The vanity of each was reflected in a yearning to be considered an authority in a field other than his own. With Stalin, it was the arts, notably literature; with Ivan, it was religion. He spent much of his life in monasteries, on pilgrimages, at prayer, in the repentance that both followed and presaged an atrocity, in debate with foreign visitors about the relative merits of Orthodox Christianity and what he saw as the Lutheran and Roman heresies, in acting out, with costumes, with his children of darkness, boozy, orgiastic, sadistic parodies of the monastic life. His letters are suffused with biblical references. He seemed to divide humanity into those who cleaved to God’s will and those he called curs, hounds, mongrels. For Ivan there was only the godly and the dogly, and nothing between.

Man’s creation of God had an ambiguity to it. On one side, it moved the seat of ultimate power out of the reach of the most powerful earthly man; it forced a degree of humility on any believing king or emperor.

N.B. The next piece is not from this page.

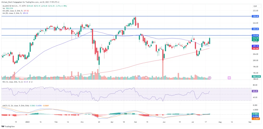 Von einem neuen Allzeithoch ist die Allianz-Aktie zwar noch mehr als 100 Euro entfernt. Doch zumindest ein neues Jahreshoch ist in greifbarer Nähe. Schaffen es die Bullen, den Kurs über das Juli-Hoch bei 216,05 Euro zu drücken, sollte das entstehende Kaufsignal den Weg bis zum Gap vom 4. Mai bei 220,20 Euro frei machen. Das dadurch entstehende Aufwärtsmomentum könnte den Kurs anschließend sogar über das Jahreshoch bei 228,40 Euro befördern.

On the other, it meant that a ruler could believe himself humble only before God, and subject to no one else, to no earthly law or institution. The Russians of Ivan’s time were well aware of this duality. Many of the tsar’s victims went to their deaths assuring him and each other that he would be punished on the day of the Last Judgment. Perhaps he was simply mad; he did refer to himself, in one letter, as ‘mentally deranged’. Yet there was a twisted piety to Ivan. De Madariaga thinks that, in these moments of torture, he was able to convince himself that he was protecting the remainder of his people from damnation.

‘He brought together the human and the divine, which authorised him to act to purify the world of sin, using divine violence,’ she writes.

He was an incarnation of this union, which gave moral authority to everything he did and placed him on a par with God.

It was this self-identification of Ivan with the idea of sacred violence which opened the way for the tsar’s belief in the purificatory value of his cruelty, and enabled him to accept as divine in origin the sadism which made life a hell for his subjects. He needed it in order to cleanse both himself and his people from sin.

In a letter to his enemy Prince Kurbsky, one of the few to escape his wrath by finding asylum overseas, Ivan identifies himself with divine punishment. He sounds surprised. ‘If you are so righteous,’ he asks, ‘why do you not permit yourself to accept suffering from me?’